# q about building models



## Da&Co (Jan 27, 2016)

I'd like to pick up a model station kit and I'm wondering if there are particular makers/brands that are known to be high quality. It looks like some of the European manufacturers like Faller gmbh make nice things, but I'm looking for a more American rr station look, particularly 1890-1930 or so. 

Is "American Model Builders" good quality? Walthers Cornerstone? Are there others that people recommend? I'm not looking for anything esoteric or heirloom, just a well made kit that will look nice.

Thanks!


----------



## DonR (Oct 18, 2012)

I've used a number of Walther's HO Cornerstone building kits in the past. I found them nicely designed and complete. 

Don


----------



## Da&Co (Jan 27, 2016)

Thanks, Don!


----------



## CTValleyRR (Jul 26, 2014)

From my perspective, the list of "quality" manufacturers is too long to show here.
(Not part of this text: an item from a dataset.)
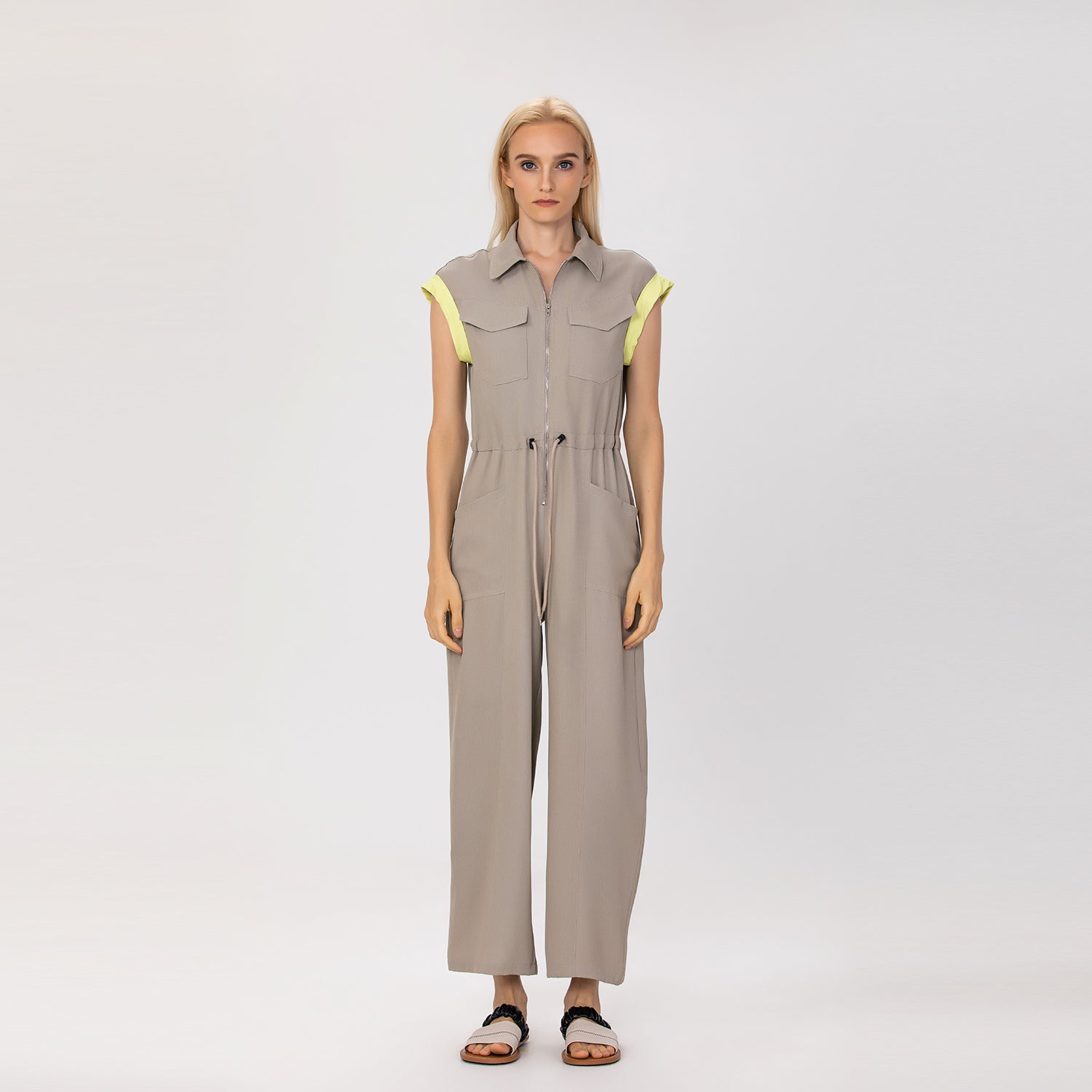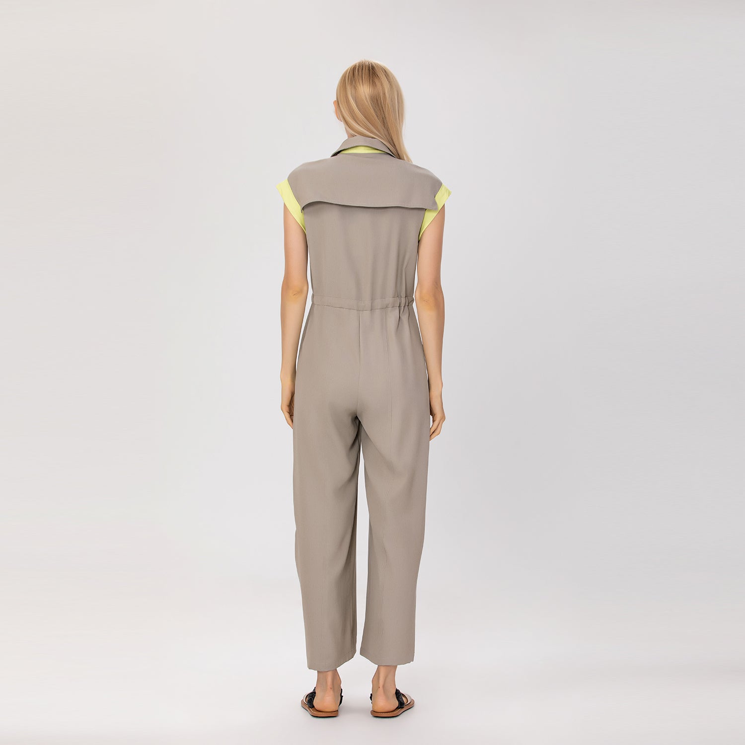 Combinaison sans manches à col chemise et ceinture

I've really only found Model Power and Bachmann to be a little cheesy, and somewhat undersized I think. But a good coat of paint, some decals, and weathering can improve even a mediocre one.

Where you get directed depends on what you're looking for: styrene, wood, resin, or plaster, and whether you want a highly detailed, craftsman-style kit or something a little easier.

I have built kits from American Model Builders, Atlas, Blair Line, Branchline Trains, Bollinger Edgerly Scale Trains (BEST), Bar Mills, DPM, Faller, Heljan, Kibri, Pikestuff, Rix, Tichy, Walthers Cornerstone and Woodland Scenics in addition to the Bachmann and Model Power. All good stuff, some more complex and detailed than others. 

There are several excellent American prototype railroad station kits, but there were also many different styles around the country, so the location or style you're trying to model makes a big difference too.


----------



## MtRR75 (Nov 27, 2013)

CTValleyRR said:


> There are several excellent American prototype railroad station kits, but there were also many different styles around the country, so the location or style you're trying to model makes a big difference too.


Good point. There are lots of variations in station designs. So, if you are modeling a particular railroad (or a particular area of the country), google the railroad name (or the state) along with the words passenger station image (or just station image), and you may find both historical photos of appropriate stations and photos of buildings that used to be stations that are still in use for other purposes.


----------



## Cycleops (Dec 6, 2014)

Don't be too quick to dismiss some kits as not 'American' in style. Often with a bit of alteration and additions you can the appearance significantly. Also some card kits are very good and are easier to 'kit bash'.


----------



## Da&Co (Jan 27, 2016)

Thanks again, everyone, for the advice and encouragement. We are modeling a rural scene from around the turn of the century, but are not being too specific about location other than north/northeast.


----------



## MtRR75 (Nov 27, 2013)

Da&Co said:


> Thanks again, everyone, for the advice and encouragement. We are modeling a rural scene from around the turn of the century, but are not being too specific about location other than north/northeast.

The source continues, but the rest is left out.